• **EXERCISE**
Set down, exactly and only, everything from the line containing "Her er de 12 som kom frem etter apellen." down to the line containing "協力員は、立候補制になって初めて の大きな行事です。立候補制になっ てから、都合に応じて参加しやすい、募" in the data below; the pictures are not part of the copy.
%%
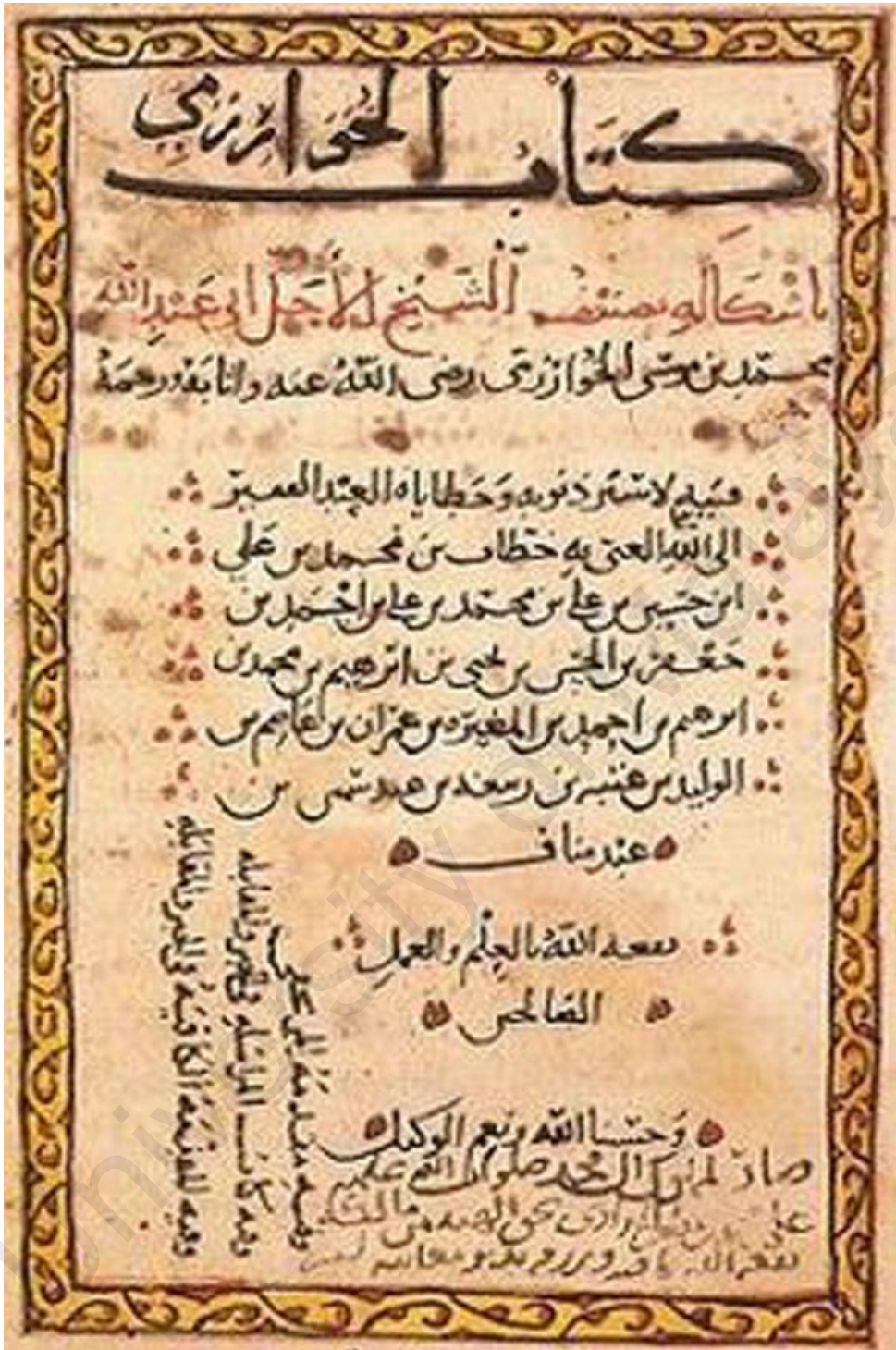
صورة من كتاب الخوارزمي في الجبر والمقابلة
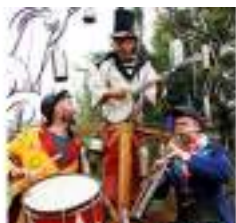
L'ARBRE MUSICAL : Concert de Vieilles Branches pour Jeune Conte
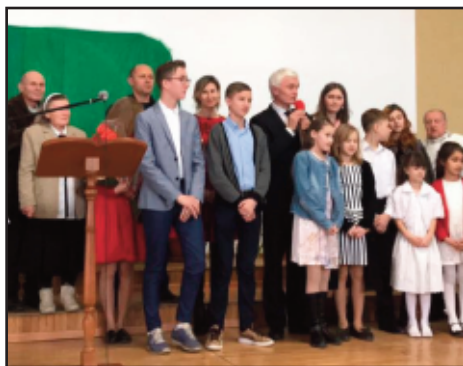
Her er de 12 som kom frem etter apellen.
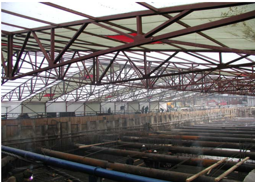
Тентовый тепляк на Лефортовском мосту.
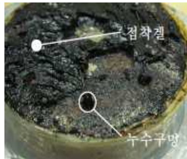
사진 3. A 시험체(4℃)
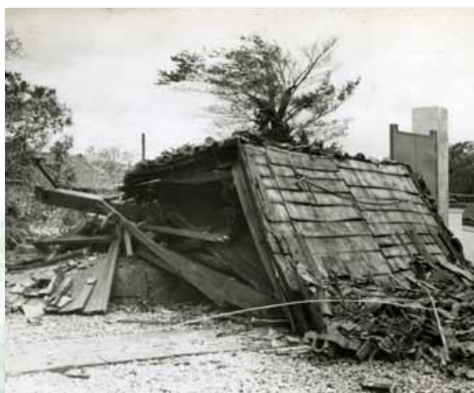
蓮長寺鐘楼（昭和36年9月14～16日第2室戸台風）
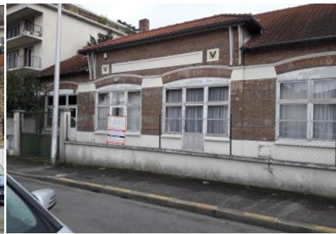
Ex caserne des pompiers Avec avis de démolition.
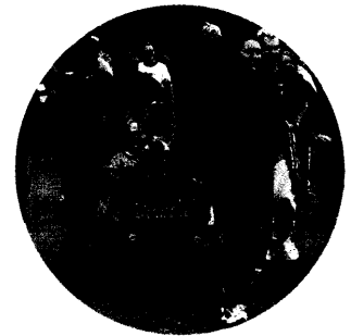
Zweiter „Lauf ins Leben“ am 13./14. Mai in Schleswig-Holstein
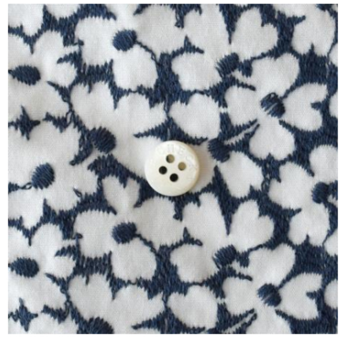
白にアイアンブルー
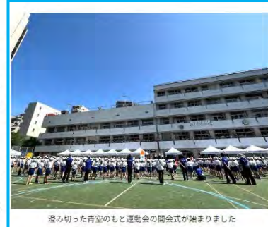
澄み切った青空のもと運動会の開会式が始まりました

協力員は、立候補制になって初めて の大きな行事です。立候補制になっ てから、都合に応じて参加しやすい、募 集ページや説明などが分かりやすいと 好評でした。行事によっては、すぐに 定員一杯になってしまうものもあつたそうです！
%%
%%
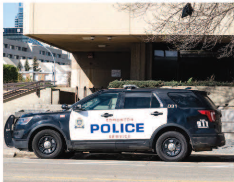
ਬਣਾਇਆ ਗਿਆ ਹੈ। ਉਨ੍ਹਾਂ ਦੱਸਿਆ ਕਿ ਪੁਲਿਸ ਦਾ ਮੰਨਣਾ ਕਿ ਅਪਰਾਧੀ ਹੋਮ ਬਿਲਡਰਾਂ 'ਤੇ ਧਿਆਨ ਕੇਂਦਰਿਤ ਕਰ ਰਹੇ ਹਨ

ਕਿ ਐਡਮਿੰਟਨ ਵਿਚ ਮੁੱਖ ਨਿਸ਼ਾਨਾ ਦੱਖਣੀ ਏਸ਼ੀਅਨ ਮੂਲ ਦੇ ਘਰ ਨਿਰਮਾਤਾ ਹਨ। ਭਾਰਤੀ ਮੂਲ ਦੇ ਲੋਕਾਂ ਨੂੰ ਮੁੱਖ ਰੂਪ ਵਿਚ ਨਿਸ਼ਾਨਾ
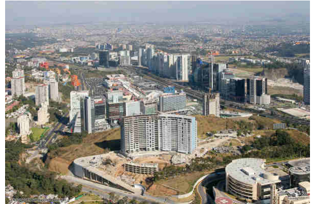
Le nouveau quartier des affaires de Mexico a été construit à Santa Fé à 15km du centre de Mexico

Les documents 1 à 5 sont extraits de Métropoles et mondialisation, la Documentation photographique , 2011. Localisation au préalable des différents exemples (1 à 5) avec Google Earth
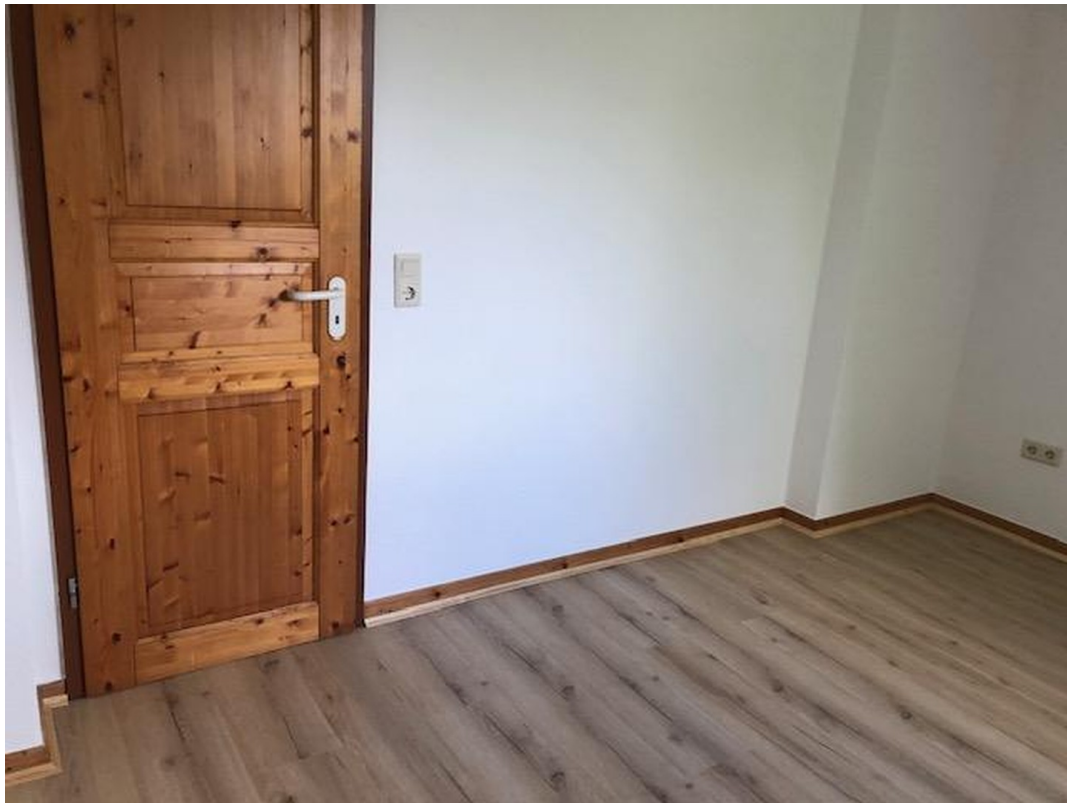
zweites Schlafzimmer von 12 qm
%%
%%
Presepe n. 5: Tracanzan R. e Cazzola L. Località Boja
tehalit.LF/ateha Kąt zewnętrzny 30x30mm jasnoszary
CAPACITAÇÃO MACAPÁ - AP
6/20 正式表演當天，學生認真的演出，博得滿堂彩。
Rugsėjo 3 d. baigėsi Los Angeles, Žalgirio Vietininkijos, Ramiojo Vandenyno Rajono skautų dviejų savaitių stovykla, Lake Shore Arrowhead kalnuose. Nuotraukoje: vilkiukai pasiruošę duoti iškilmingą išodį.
%%
• **ANSWER**
Her er de 12 som kom frem etter apellen.
Тентовый тепляк на Лефортовском мосту.
사진 3. A 시험체(4℃)
蓮長寺鐘楼（昭和36年9月14～16日第2室戸台風）
Ex caserne des pompiers Avec avis de démolition.
Zweiter „Lauf ins Leben“ am 13./14. Mai in Schleswig-Holstein
白にアイアンブルー
澄み切った青空のもと運動会の開会式が始まりました

協力員は、立候補制になって初めて の大きな行事です。立候補制になっ てから、都合に応じて参加しやすい、募 集ページや説明などが分かりやすいと 好評でした。行事によっては、すぐに 定員一杯になってしまうものもあつたそうです！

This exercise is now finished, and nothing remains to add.